The bands are Linatex. They are not as fast as Tex-shooters' bands, but I like the cool red color, so what can I say? They are really nice to shoot. Tex is the guy who finially got me to try flat bands and I love them of course. I still like Trumark RR-T bands rigged to shoot over the top. They are great for thousands of shots at targets and pretty darn fast for tubes.


----------



## smitty (Dec 17, 2009)

Here is another way I like to attach RR-T Trumarks using leather to rig for over the top shooting


----------



## NightKnight (Dec 16, 2009)

Where do you get the Linatex bands from? I looked on their site, and did not see bands. What am I missing?


----------



## smitty (Dec 17, 2009)

I got them from McMaster Carr web site. I think Flatband (Gary Miller) also sells Linatex band sets with pouch and all on E-Bay, or you could just contact him and buy straight from him.


----------



## NightKnight (Dec 16, 2009)

Do you prefer the Linatex VS or the standard Linatex?
Here are the spec differences that I found on their site:

Types: Linatex/Linatex VS
Hardness (IRHD): 38/40
Modulus @ 500% (MPa): 2.0/3.2
Tensile Strength (MPa): 25 (3618 psi)/21.5 (3118 psi)
Elongation at Break: 830%/750%
Tear Strength (N/mm): 44(250 lbsf/in)/43(245 lbsf/in)
Specific Gravity: 0.96/0.95
Resilience: 83%/83%


----------



## smitty (Dec 17, 2009)

I get part #86085K101 from McMasters, thats all I know about it, besides that I really like how it shoots.


----------



## NightKnight (Dec 16, 2009)

Hmm.
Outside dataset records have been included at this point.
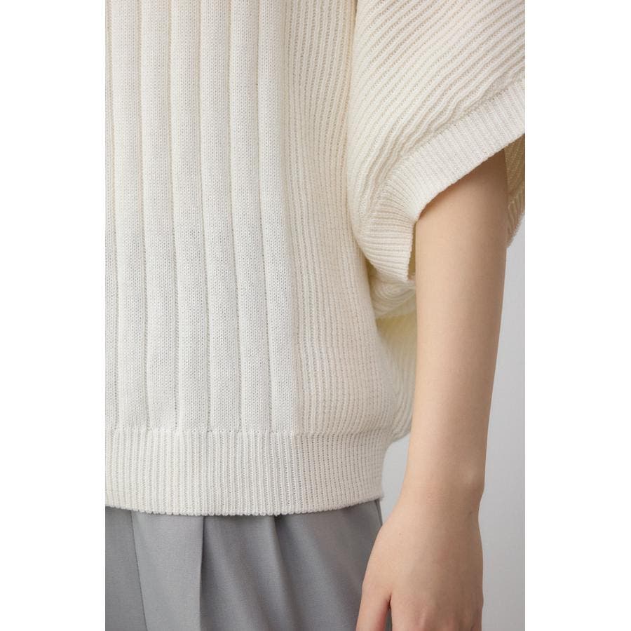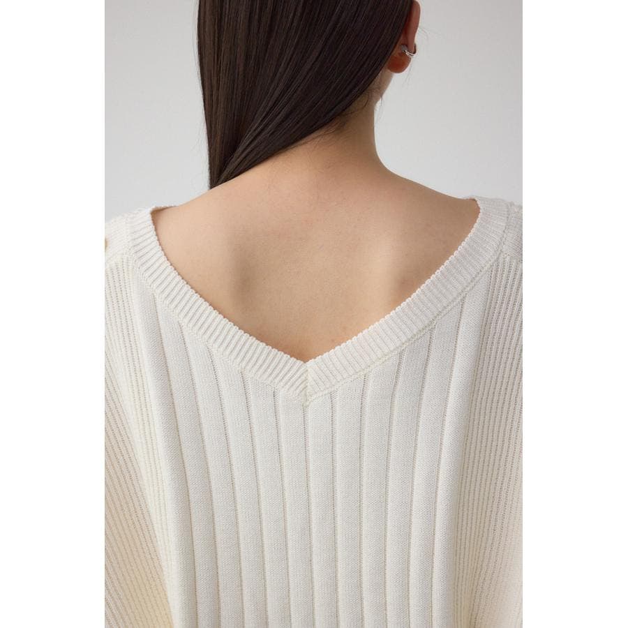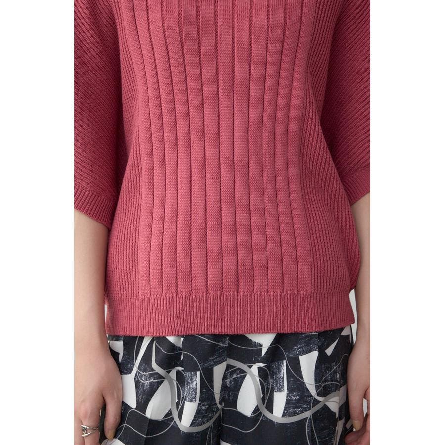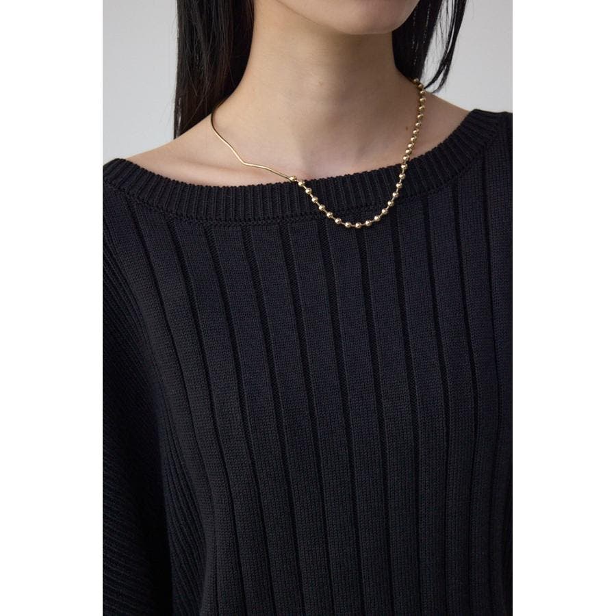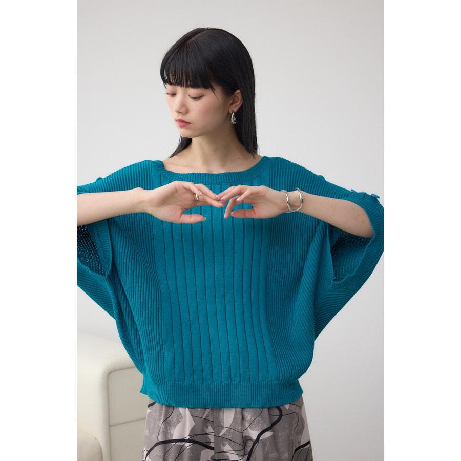 鎖骨が綺麗にみえるネックラインと脇にかけて細くなるリブ編みで細見え効果あり。
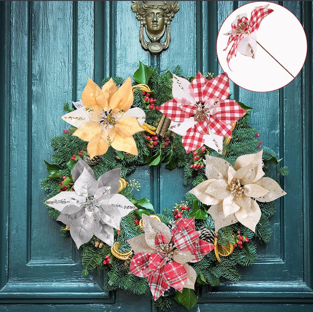 Nuevas flores de Navidad de Amazon, flores de simulación, decoraciones navideñas, coronas para árbol de Navidad, flores decorativas de Navidad DIY.
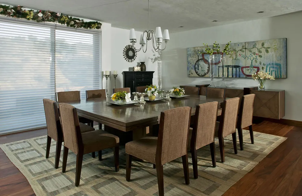 Para determinar el tamaño adecuado, mide la longitud y el ancho de la mesa que estás considerando. Luego, resta 2 metros tanto de la longitud como del ancho del área disponible, asegurándote de dejar un metro de espacio libre a cada lado. El resultado de esta resta te dará el tamaño máximo recomendado para tu mesa de comedor.
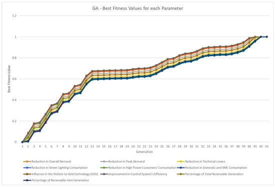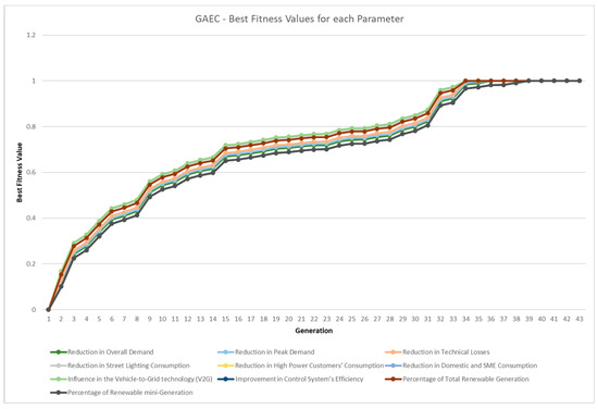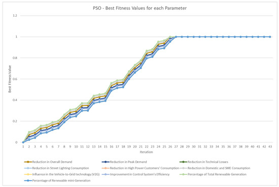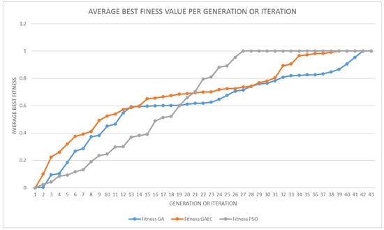 The fitness function is based on the number of steps divided by the number of binary operators. Thus, when the number of steps is equal to the number of binary operators, this means that the equation is separated at the maximum level of decomposition because it is at the parameter level. The average best fitness value for each generation (for GA and GAEC) or iteration (for PSO) is shown in Figure 8, and it is calculated for each KPI equation. As shown in Table 1, PSO was converged first, but GAEC and GAEC achieved better fitness values in the first generations. This information is more detailed in Figure 9 for the GA approach, Figure 10 for the GAEC, and Figure 11 for the PSO, showing the best fitness value in each iteration for each KPI. One of the future research lines is the inclusion of new techniques to improve the increase in fitness value in each generation or iteration.
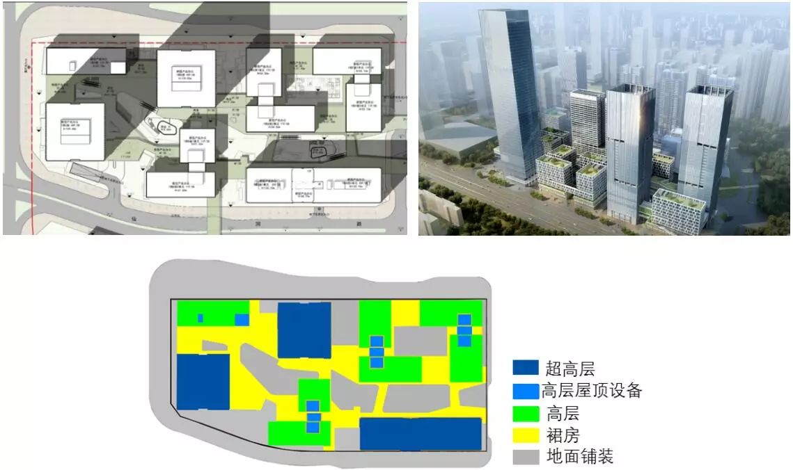 根據(jù)《留仙洞總部基地控制性詳細(xì)規(guī)劃》,規(guī)劃地塊屬于一街坊。規(guī)劃開發(fā)建筑面積為100萬平方米,凈容積率7.0-9.1。以物聯(lián)網(wǎng)、移動互聯(lián)網(wǎng)為主導(dǎo)產(chǎn)業(yè)。規(guī)劃地塊用地類型為M0,用地面積39352平方米。建筑方案主要由三座塔樓(超高層)、四座裙樓(高層)及連廊組成,屬于典型高密度開發(fā),綠地面積僅有2162平方米。

That material has different specifications than either of the products I posted above.


----------



## Scary (Jan 2, 2010)

Beautiful job Smitty! I like odd ball woods alot, but there is still something about good ol' oak grain that catches my eye! Scary


----------



## smitty (Dec 17, 2009)

Thanks maan! I laminate them now to increase strength by grain variation.


----------



## Flatband (Dec 18, 2009)

Some really nice frames Smitty!!!! Excellent work.I think you're becoming like me,you have just as much fun making them as shooting them!!!!!!!







Flatband


----------



## Jtslingshoter (Dec 18, 2009)

Great job Smitty!


----------



## smitty (Dec 17, 2009)

Thanks for the complements guys. I really like shooting my slingshots more than making them. I've made maybe something like fifty frames because of my injured left hand, trying to make one that didn't put too much stress in one place. The whole hand was crushed and every bone with it. The ball-joint in my thumb was powered and couldn't be fixed, so I've experimented quite a bit on frames that "FIT" the hand. But, I haven't used a slingshot since the injury and only recently have I started trying to shoot one again. At first, it hurt so bad I could only use rubber bands, but now about a year later of starting to shoot again I am actually shooting with very little pain. My left hand has gotten stronger and now I can shoot about 200 rounds a day with normal strength bands.
I do "work out" by stretching slightly stronger bands mornings and evenings when the weather is bad. Best of all, I have found I can actually hold any frame now and shoot it. It amazes me... more than thirty years after the injury my left hand is still getting better. If not for my mothers' stopping them, the doctors were just going to cut it off and not have to worry about gangreen setting in. It really feels like a personal victory to be able to participate in this very fun sport.


----------



## Flatband (Dec 18, 2009)

Man, I didn't know about your hand-sorry to hear that. Smitty ,have you given a Wrist-Braced model a try? My current Slingshot of choice is a Crosman Vortex,modified a little,and loaded with flats of course. I had to let the Ergo go for awhile in favor of this because of a "Frozen Shoulder" that also compressed a nerve in my left arm and makes it shake a little-not good for competitive shooting. It will go away on it's own but can take up to 3 years! The last 2 tournaments I was in I used Wrist Braced models and I was able to compete. Might help you out Bud. I'd be glad to set you up with some advice on re-working a P-51 or Vortex or any other Wrist Braced job you might like. It takes a whole lot of stress off your injured hand.Good luck Bud! Gary


----------



## JoergS (Dec 17, 2009)

Smitty, I will make my first prototype of the gloveshot today. If my imagination does not fool me, then this model would not need much pressure from the thumb OR the fingers. Most of the force is on the palm and back of the hand.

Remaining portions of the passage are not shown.